Auxiliary (rarely needed):

```bash
brf fetch x-user --handle <handle> --since <date>
brf fetch youtube-transcript --url <url>
brf fetch podcast-transcript --url <feed-or-episode-url>
brf firecrawl scrape --url <url>
brf firecrawl search --query <q> --limit 10
```

`FeedItem` shape (see `brf/feed_item.py`):

```json
{
  "id": "ab12cd34ef567890",
  "source_type": "rss",
  "source": "Simon Willison's Weblog",
  "title": "...",
  "url": "https://...",
  "published": "2026-05-19T14:23:00+00:00",
  "summary": "≤ 500 chars",
  "has_full": true,
  "needs_firecrawl": false,
  "extra": {}
}
```

## Repository layout

| Path | Purpose |
|---|---|
| `brf/` | CLI bundle, installed into the session container |
| `brf/main.py` | Click entry: `fetch-all` / `fetch-full` are the main flow |
| `brf/aggregator.py`, `brf/fetchers/` | Parallel fetch + dedupe + scheduling |
| `brf/sources.yaml` | Single source of truth for all feeds / handles / channels |
| `brf/firecrawl_client.py`, `slack.py`, `rss.py`, `x_client.py`, `youtube.py`, `podcast.py` | Per-service clients |
| `agent/agent.yaml`, `reader.yaml`, `reviewer.yaml` | Managed Agent definitions (lookup by name) |
| `agent/*_prompt.md` | System prompts for coordinator / reader / reviewer |
| `cron/daily.py` | Host-side runner: resolves agent/env by name, opens a session, streams events |
| `scripts/create_agent.py` | One-shot provisioning / updates for agent + env |
| `scripts/upload_env.py` | One-shot upload of `.env` to the Files API |
| `.github/workflows/daily.yml` | 09:00 UTC cron |
| `docs/managed_agents/`, `docs/agent_sdk/` | Local copies of Anthropic docs |

For deeper design notes see [`ARCHITECTURE.md`](./ARCHITECTURE.md) and
[`BRF_FETCHER_DESIGN.md`](./BRF_FETCHER_DESIGN.md).

## Known limits

- Whisper has a 25 MB per-file cap; long podcasts are rejected (status `too_large`).
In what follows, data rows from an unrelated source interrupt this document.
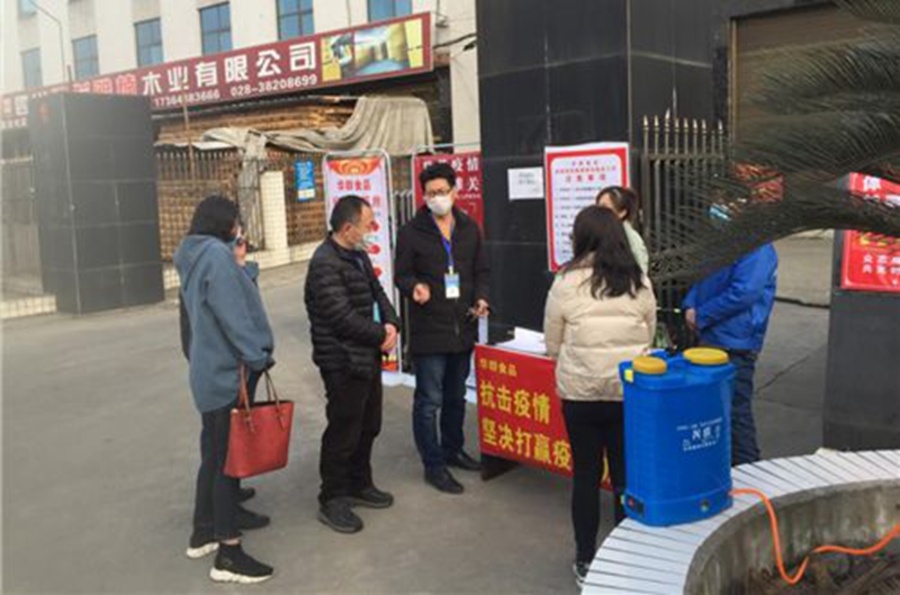 2月21日,九三學(xué)社眉山市東坡區(qū)委主委秦維東、副主委孫倩來到眉山川樂食品、漢超食品、華群食品等工業(yè)企業(yè),對企業(yè)復(fù)產(chǎn)復(fù)工疫情防控措施、物資儲備、隔離間設(shè)置、食堂就餐等進(jìn)行了實(shí)地查看。
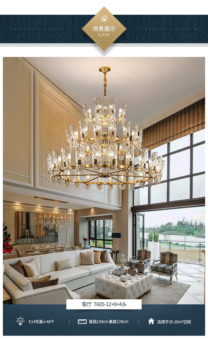 Thông số kỹ thuật của sản phẩm Đèn chùm cao cấp trang trí nội thất biệt thự DC 042
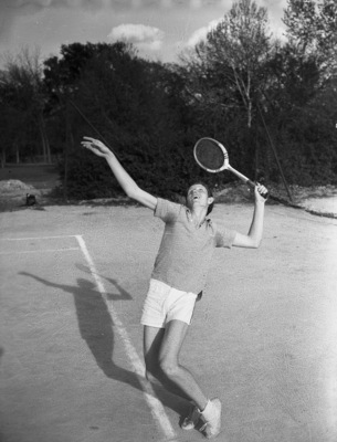 Tennis. Warren McMillan, City High school Singles champ. He's seen to be in action as he is holding the racquet about to hit the ball.
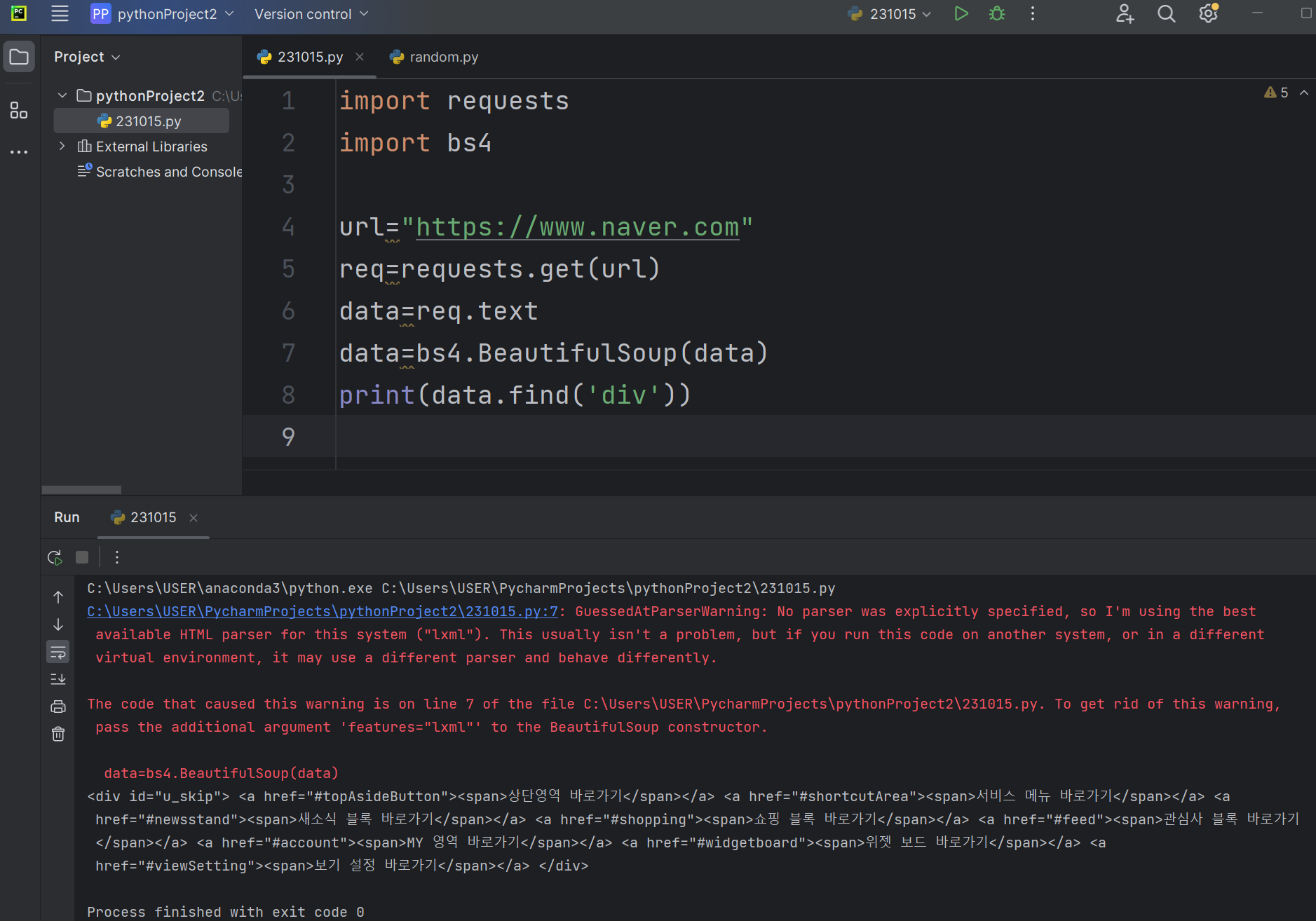 tensorflow / requests / bs4(BeautifulSoup)]

The system prompt caps daily transcriptions to keep cost predictable.
- Some Chinese-language RSS feeds are flaky; `firecrawl_index` backfills the gap (see `SOURCES_HEALTH.md`).
- The SSE event stream does not auto-reconnect on drop. The 45-minute job timeout normally avoids the issue.
- YouTube channel RSS occasionally rate-limits residential IPs. The fetcher swallows the error and continues.